They didn't wait until after dinner this night. The sun was level with the windows and the bell had yet to toll when Zoro heard the footsteps, many pairs, slow as funeral bearers.

He wasn't sure when Sanji had slipped from that half-waking nightmare into restless slumber, hadn't moved for a long time after the rise and fall of his crewmate's chest had slowed and steadied, the blond head a heavy weight against his shoulder. It was too warm, that close, but the way Sanji shivered sporadically even asleep and in his jacket, he needed it. No strength in him left to burn for heat.

Aware that it wasn't over yet, Zoro eventually extricated himself, careful not to disturb his crewmate or knock him off the couch. Sanji's hands were fisted around his shirt and Zoro had to pry those long fingers free; they locked over the pillow instead, and Sanji mumbled something, but didn't rouse any further when Zoro dropped the couple blankets on top of him.

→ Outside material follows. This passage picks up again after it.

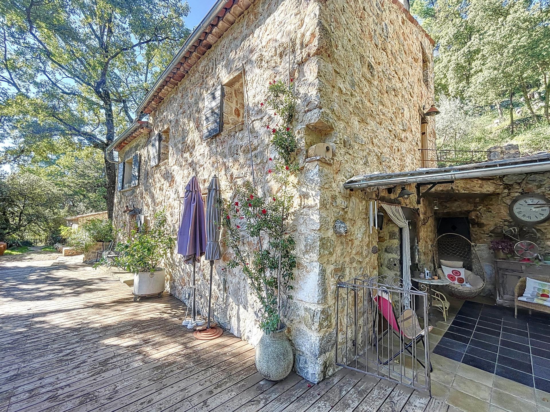 Discover this sumptuous period Bastide, built in 1830 and renovated with care, combining the charm of old and modern comfort. Upon entering the Bastide, you will be welcomed into the main living room, comprising an open kitchen, a living room and a dining room with a wood stove, creating a friendly and warm space. You will also find a kitchen with toilets. The property is distinguished by its magnificent spiral staircase, which serves two rooms separated by a shower room in the Italian mezzanine. At the back of the house, a workshop is also present and can be easily converted into a room. The wooden terrace offers a breathtaking view of the surrounding area, and the very large 23,000 m2 plot with a river will allow you to enjoy a vast natural space and tranquility. The exterior also includes a 25 m2 workshop, perfect for DIY enthusiasts or can be converted into a studio, as well as an outdoor shelter with a jacuzzi for relaxing moments in the middle of nature. Located in Bargemon, a charming Provencal village to discover, this house offers an exceptional quality of life. Bargemon, with its picturesque alleys, rich heritage and authentic atmosphere, is an ideal setting for a main or secondary residence.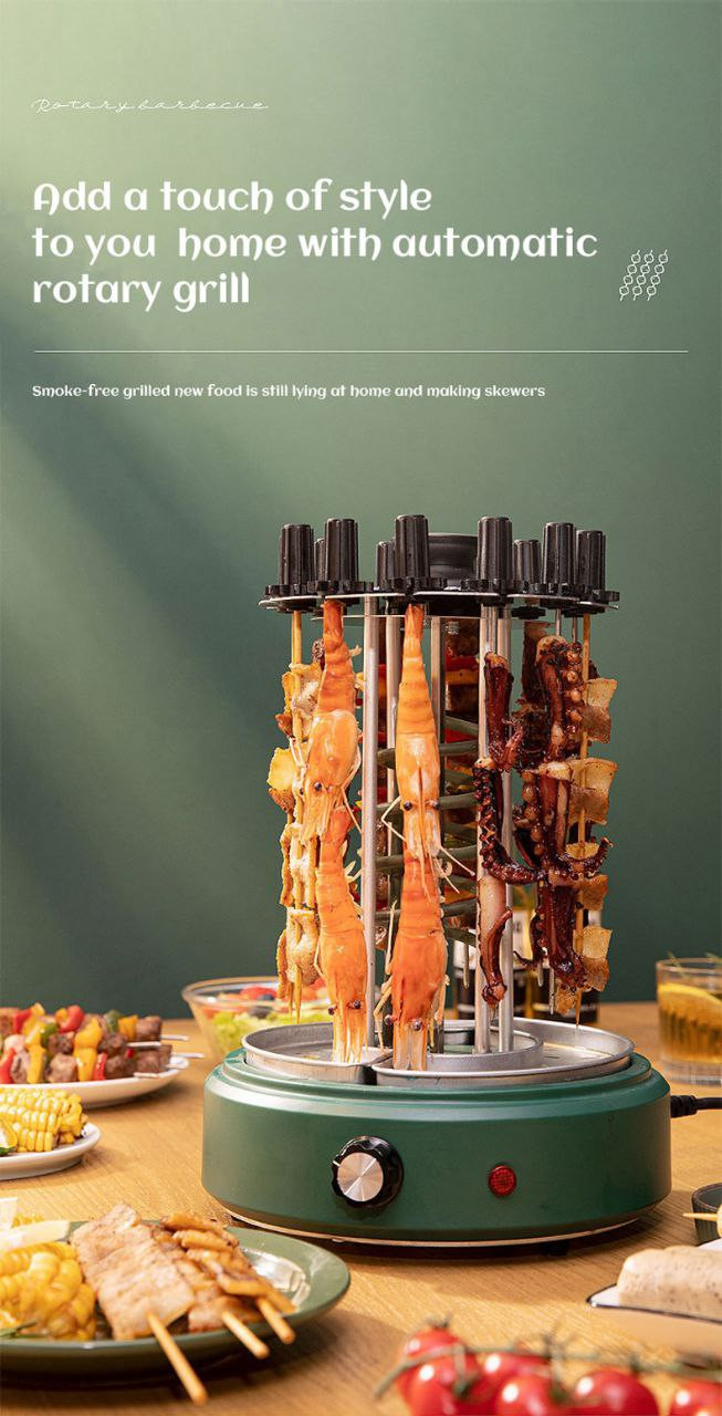 Gril électrique a 12 brochettes gril électrique domestique petite machine de barbecue à fumée rotative entièrement automatique sans huile

After collecting his swords from where he had thrown them, Zoro took a seat on the rug in front of the silk screen, crossed his legs and rested his chin on his fist and watched Sanji sleep. His repose was troubled for a while, as he rolled back and forth, twisting himself up in the blankets and muttering unintelligibly, before settling into a deeper sleep, so still he made Zoro uneasy. Past a certain point, a man cannot be awoken, but he didn't know how one could tell. Chopper would know for sure; without their doctor's knowledge Zoro could only guess, and while usually he trusted his instincts, there was already so damn much wrong here that he found himself atypically questioning his course. Twice he began to call Sanji awake, and stopped himself; he was standing to go examine him more closely when he heard the priests on the stairs.

With a glance over his shoulder to make sure his crewmate was still out, Zoro slid open the screen, stepped into the corridor and shut it again. By the time the first man mounted the final step, he had drawn his white katana.

The high priest stopped, raised his broad arms to halt his retinue behind him. His gray eyes met Zoro's across the short passage. "It's time," he said.

"For the last death."

The bearded man nodded.

"He might be surprised to hear that," Zoro said. "He didn't believe sixth death actually happened, before. He thought it was real."

The high priest said nothing, but the couple lesser priests on the stairs behind him dropped their heads, remorsefully.

Zoro hadn't realized how angry he truly was; the effort to keep his voice steady and low enough not to disturb his sleeping crewmate was almost too much. "You bastards, you and your damn ceremonies, you could've told him--"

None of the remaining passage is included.